A big part of Sweden’s forest success is the way its private sector is organized. The organization of the private sector within the forestry industry is both structured and influential. Forestry companies, owners, and stakeholders work collaboratively through associations and cooperatives, ensuring that they have a united voice when engaging with government on policy matters. This collective strength has made Sweden’s wood industry to remain competitive globally while maintaining sustainability standards.

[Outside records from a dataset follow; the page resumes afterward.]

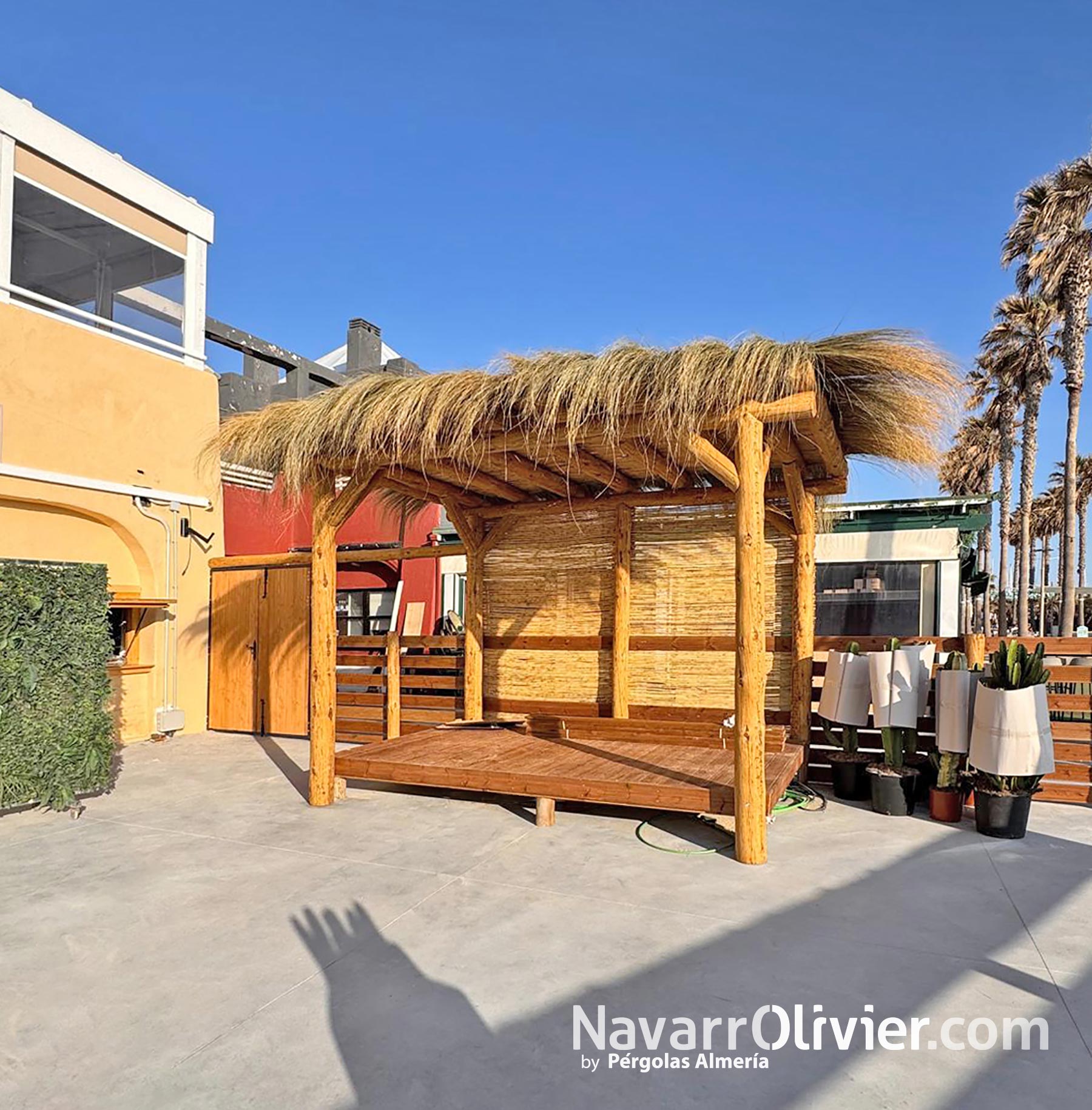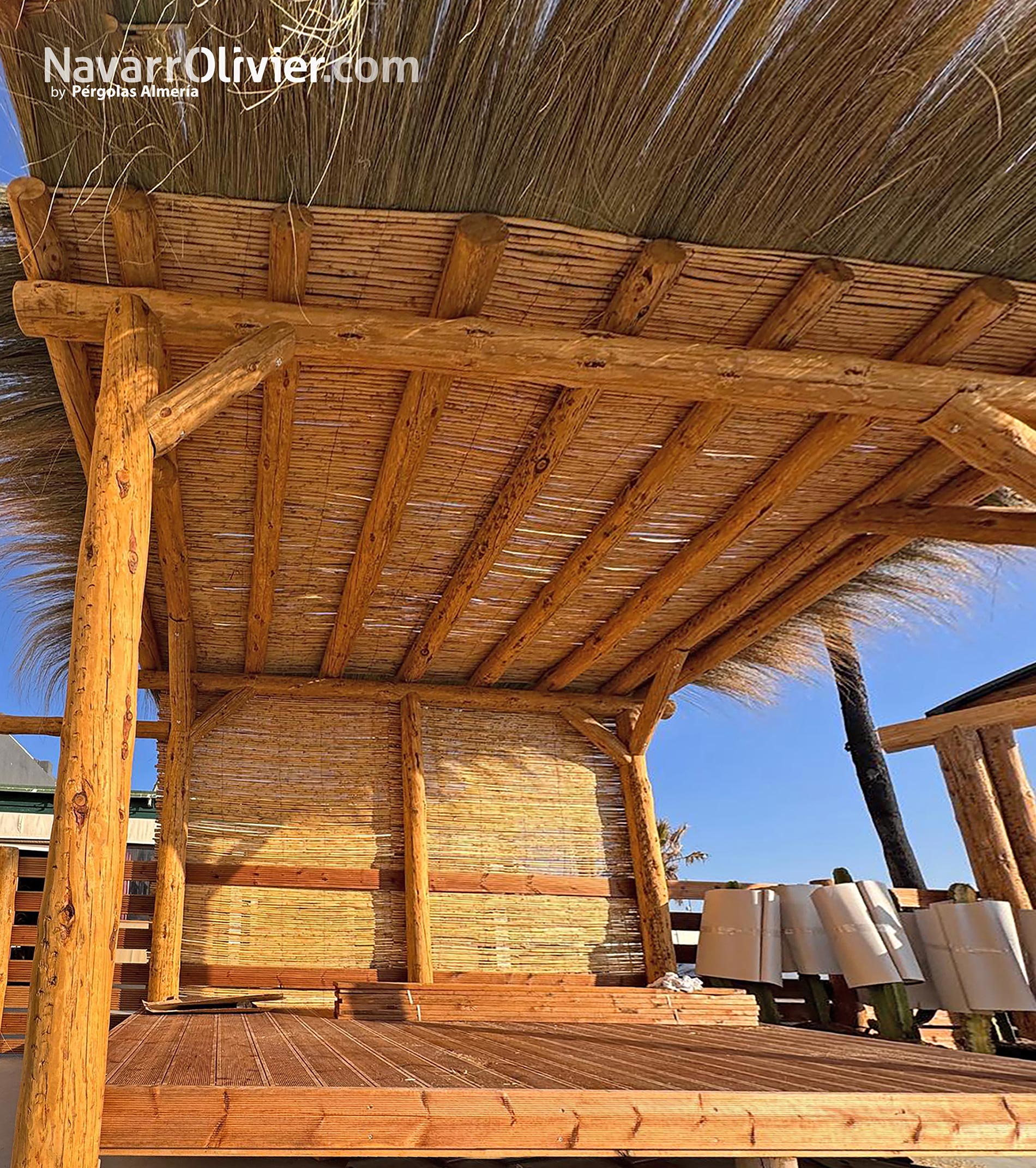 Siguiendo el estilo rústico construimos la tarima con cubierta de tronco, cañizo y carritx para la cabina del dj, además de un chiringuito modular modelo Campello de 10 m² equipado con instalación eléctrica preparado para dar servicio a la terraza de Playa Jaleo este local de ocio ideal para tardeos junto al mar ubicado en la playa de Almerimar, Costa de Almería.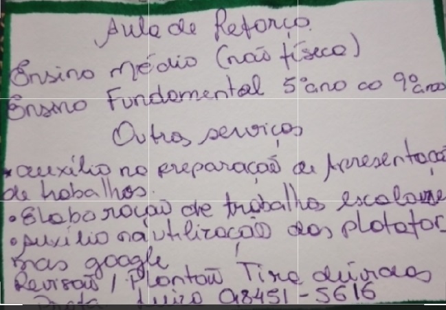 “Eu penso que temos que lutar sempre e nos reinventar. Fiz esses informativos à mão e distribuí, na tentativa de atrair alguns futuros interessados, pois, estamos em tempos muito difíceis e precisamos sobreviver, buscar novos meios para obter recursos e, assim, honrar nossos compromissos”, comentou a professora.
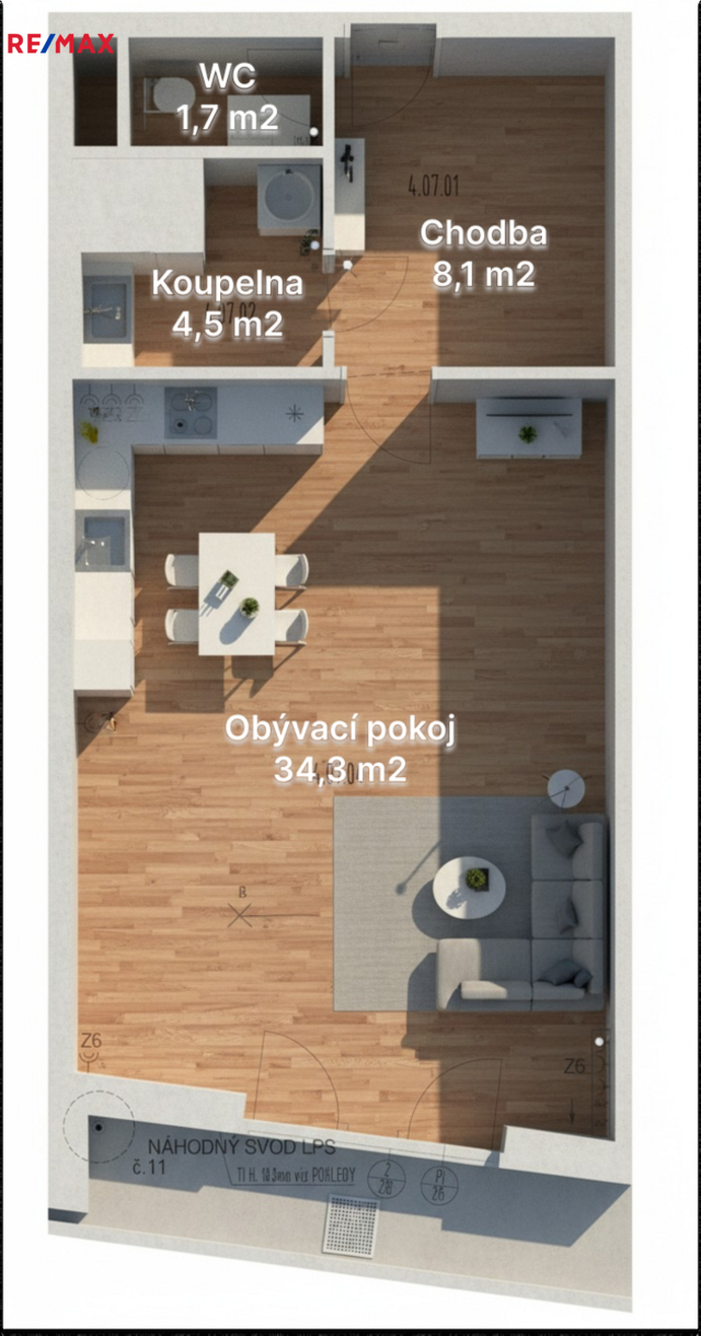 | Dispozice/podlahová plocha: | 1+kk/50 m² |
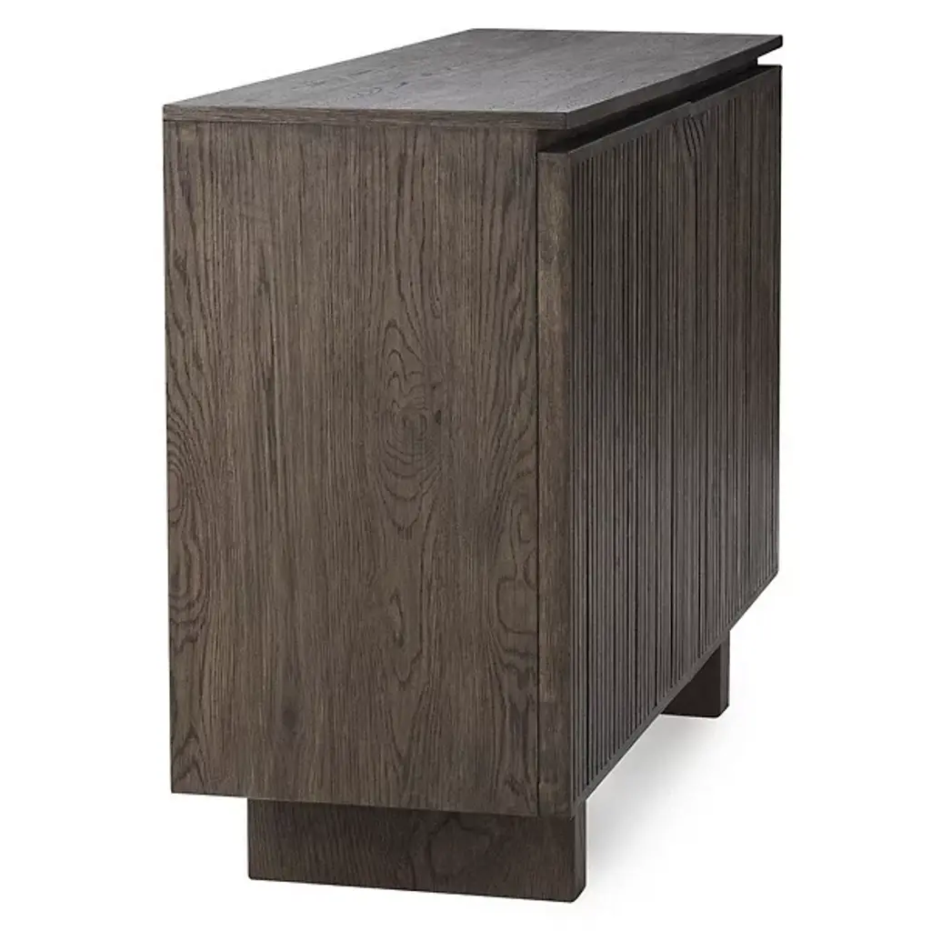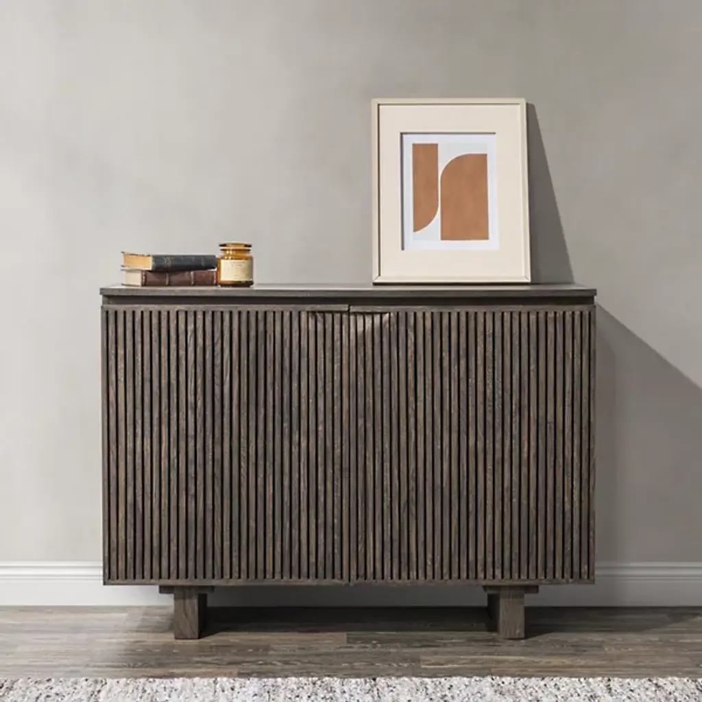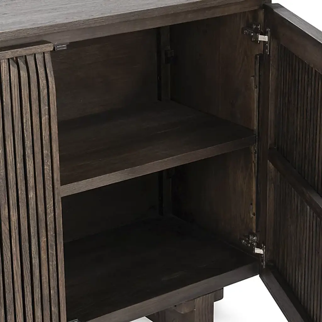 The Roya Sideboard Buffet from Classic Home mixes straightforward contemporary simplicity with sculptural charm. Made in Vietnam with a wood veneer finish, linear bases elevate the buffet slightly, with clean lines and paneled doors with linear accents that create a rustic modern look. Interior shelving keeps items organized, while a rear cord-management cutout adds convenience for media or electronics. Distinct variations in tone and texture show off the natural charm of the materials.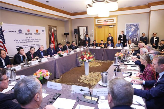 Theo đặc phái viên TTXVN, nhân dịp tham dự các hoạt động của Tuần lễ cấp cao Đại hội đồng Liên hợp quốc khóa 79 và làm việc tại Hoa Kỳ, chiều 23-9 tại New York, Tổng Bí thư, Chủ tịch nước Tô Lâm đã dự buổi tọa đàm doanh nghiệp do Hội đồng Doanh nghiệp Hoa Kỳ - ASEAN (USABC), Phòng Thương mại Hoa Kỳ (USCC) và Hội đồng doanh nghiệp vì sự hiểu biết chung (BCIU) phối hợp với Bộ Kế hoạch và Đầu tư và Đại sứ quán Việt Nam tại Hoa Kỳ tổ chức.

In Kenya, we have the opportunity to create similar structures. Imagine a robust  private sector engagement and investment in forestry, organized through associations and cooperatives, working together to advocate for policies, share best practices and collaborate on large-scale projects. By fostering such unity, we can ensure that the forestry sector becomes a powerhouse of economic growth while preserving Kenya’s rich biodiversity. These collaborations will also provide a platform for smaller players, such as community forest associations, to participate in the commercial forestry value chain.

The Path Ahead

Sweden’s success offers a glimpse of what’s possible for Kenya. By investing in human capital, enabling policies for private sector investment, fostering strong research-industry partnerships, and organizing a robust private sector, Kenya can pave the way for a future where forests are not only abundant but also central to our economic prosperity. The future of Kenya’s forests depends on our ability to adopt and adapt these lessons to our unique context, ensuring both economic growth and environmental sustainability for generations to come.